In this tutorial we’ll analyze the effect of going to Catholic school, as opposed to public school, on student achievement. Because students who attend Catholic school on average are different from students who attend public school, we will use propensity score matching to get more credible causal estimates of Catholic schooling.

UPDATE: Many people have asked for the data used in this tutorial. To get the dataset used below (ecls.csv), please follow the instructions outlined here.

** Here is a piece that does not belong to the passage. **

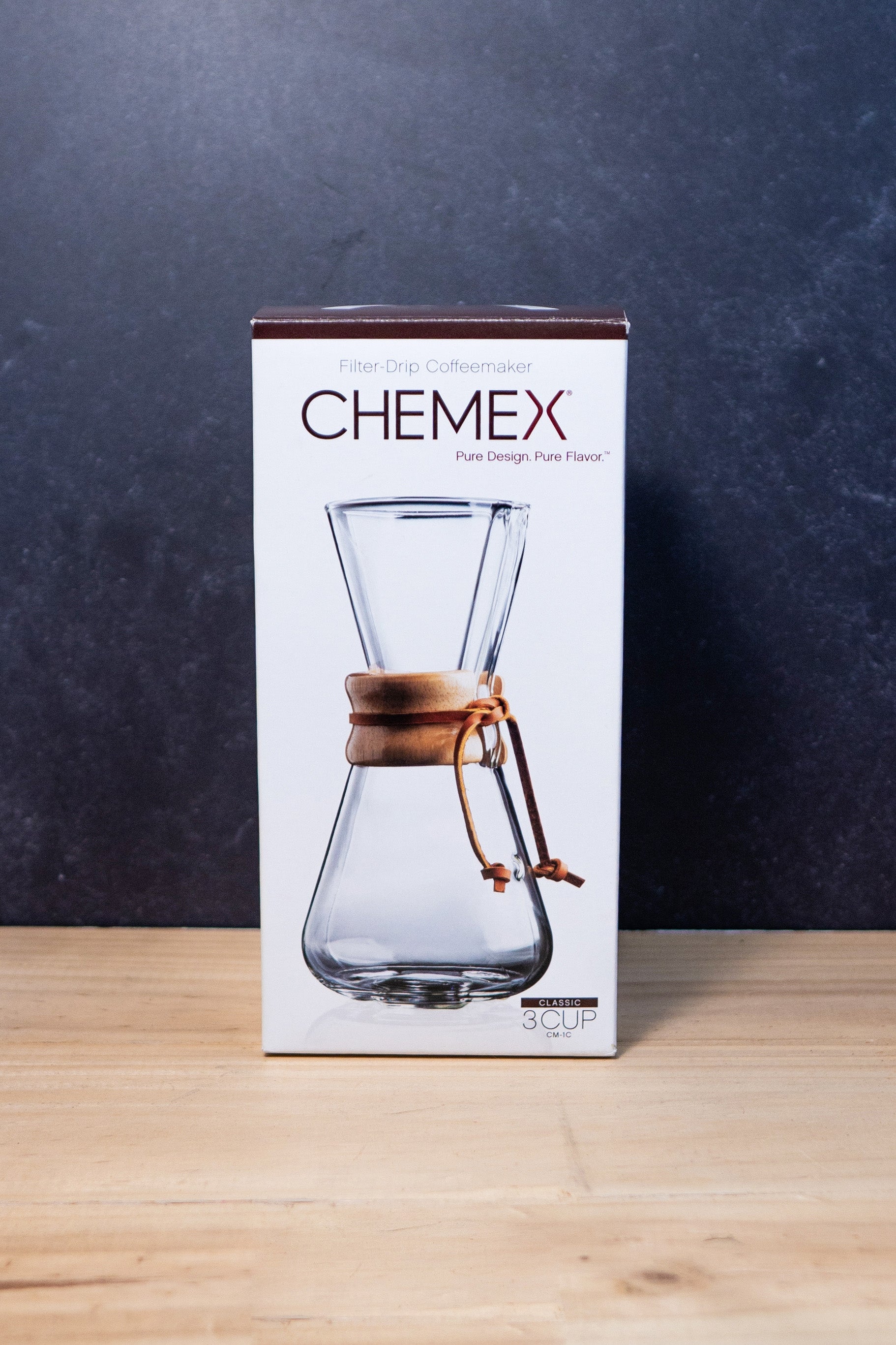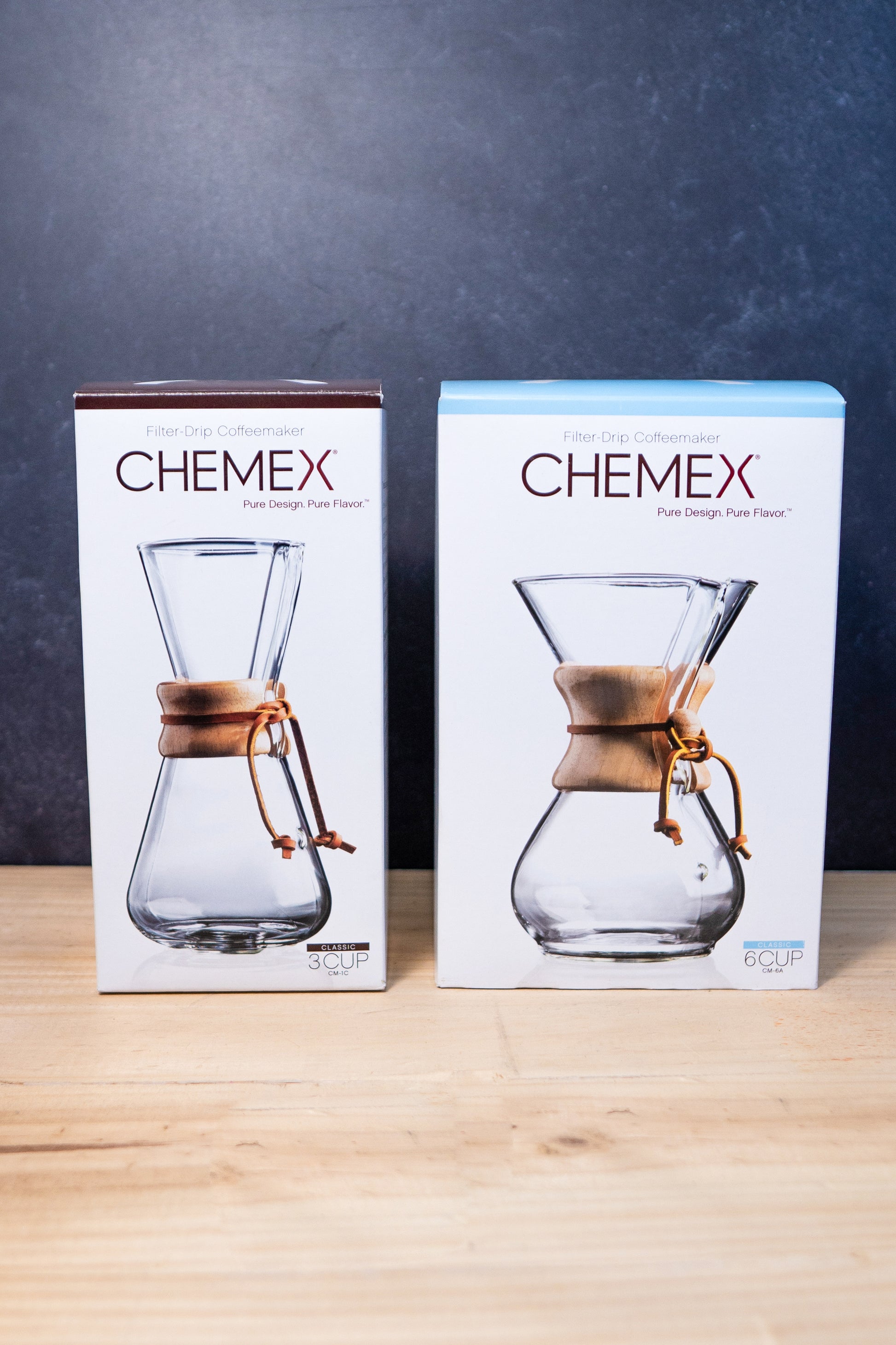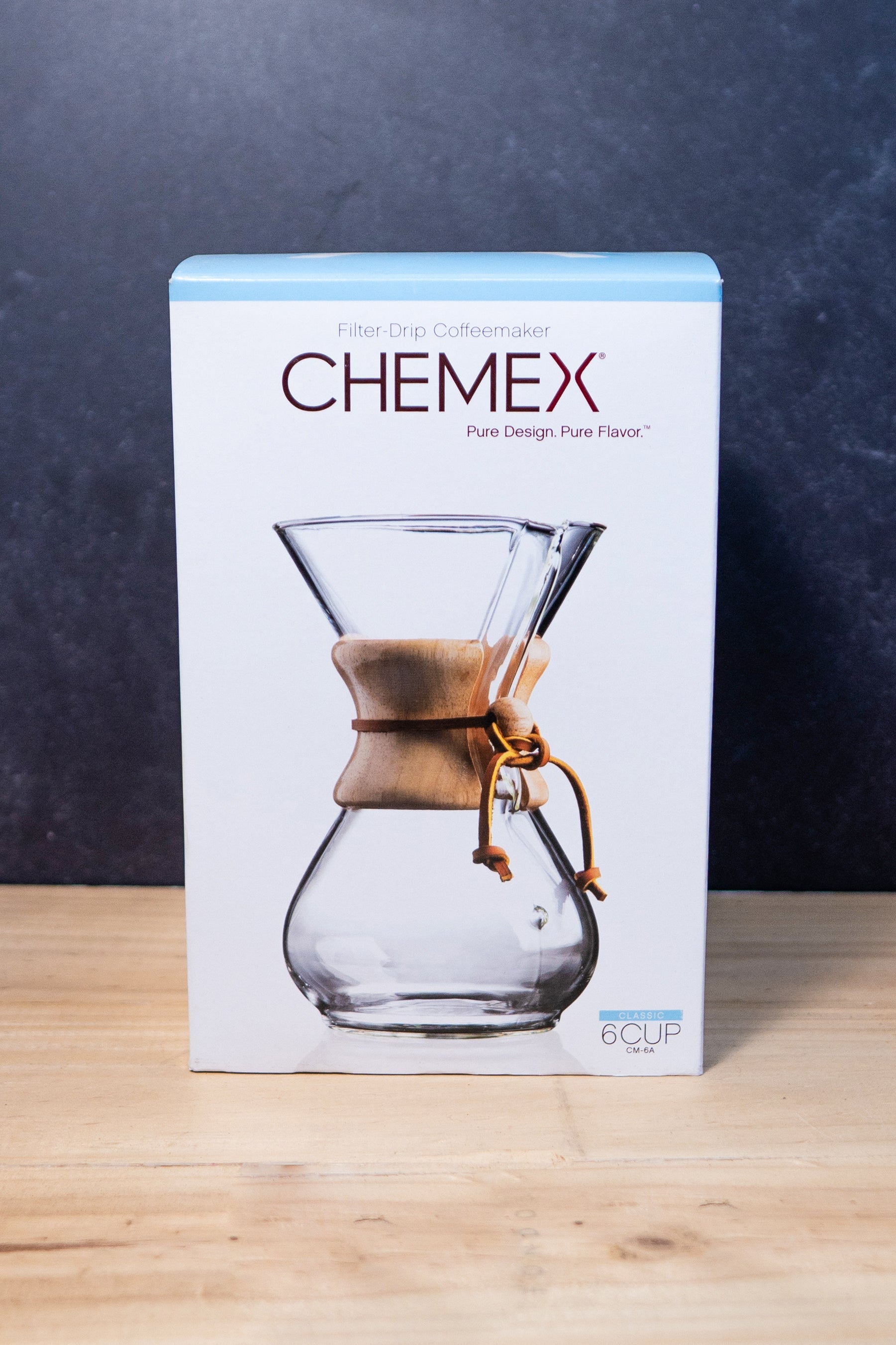 Cafetera Chemex de vidrio y mango de madera

To examine the effect of going to Catholic school (“Treated”) versus public school (“Control”) on student achievement using matching we will go through the following steps:

  1. Estimate the propensity score (the probability of being Treated given a set of pre-treatment covariates).
  2. Examine the region of common support.
  3. Choose and execute a matching algorithm. In this tutorial we’ll use nearest neighbor propensity score matching.
  4. Examine covariate balance after matching.
  5. Estimate treatment effects.

In addition, before we implement a matching method, we’ll conduct the following analyses using the non-matched data:

Before we start, load a few packages and read in ecls.csv:

library(MatchIt)
library(dplyr)
library(ggplot2)

ecls <- read.csv("ecls.csv")

1 Pre-analysis using non-matched data

1.1 Difference-in-means: outcome variable

Here is some basic information about public and catholic school students in terms of math achievement. Note that we’re using students’ standardized math score (c5r2mtsc_std) – with a mean of 0 and standard deviation of 1 – as the outcome variable of interest. The independent variable of interest is catholic (1 = student went to catholic school; 0 = student went to public school).

ecls %>%
  group_by(catholic) %>%
  summarise(n_students = n(),
            mean_math = mean(c5r2mtsc_std),
            std_error = sd(c5r2mtsc_std) / sqrt(n_students))
## # A tibble: 2 × 4
##   catholic n_students   mean_math  std_error
##      <int>      <int>       <dbl>      <dbl>
## 1        0       9568 -0.03059583 0.01038536
## 2        1       1510  0.19386817 0.02235282

Note that the outcome variable has been standardized (mean = 0, sd = 1). This is common in education research. The summary table above indicates that 3rd grade Catholic school students’ average math score is more than 20% of a standard deviation higher than that of public school students. This could have been calculated using the non-standardized outcome variable as follows:

ecls %>%
  mutate(test = (c5r2mtsc - mean(c5r2mtsc)) / sd(c5r2mtsc)) %>% #this is how the math score is standardized
  group_by(catholic) %>%
  summarise(mean_math = mean(test))
## # A tibble: 2 × 2
##   catholic   mean_math
##      <int>       <dbl>
## 1        0 -0.03059583
## 2        1  0.19386817

The difference-in-means is statistically significant at conventional levels of confidence (as is also evident from the small standard error above):

with(ecls, t.test(c5r2mtsc_std ~ catholic))
## 
##  Welch Two Sample t-test
## 
## data:  c5r2mtsc_std by catholic
## t = -9.1069, df = 2214.5, p-value < 2.2e-16
## alternative hypothesis: true difference in means is not equal to 0
## 95 percent confidence interval:
##  -0.2727988 -0.1761292
## sample estimates:
## mean in group 0 mean in group 1 
##     -0.03059583      0.19386817

1.2 Difference-in-means: pre-treatment covariates

We’ll work with the following covariates for now:

  • race_white: Is the student white (1) or not (0)?
  • p5hmage: Mother’s age
  • w3income: Family income
  • p5numpla: Number of places the student has lived for at least 4 months
  • w3momed_hsb: Is the mother’s education level high-school or below (1) or some college or more (0)?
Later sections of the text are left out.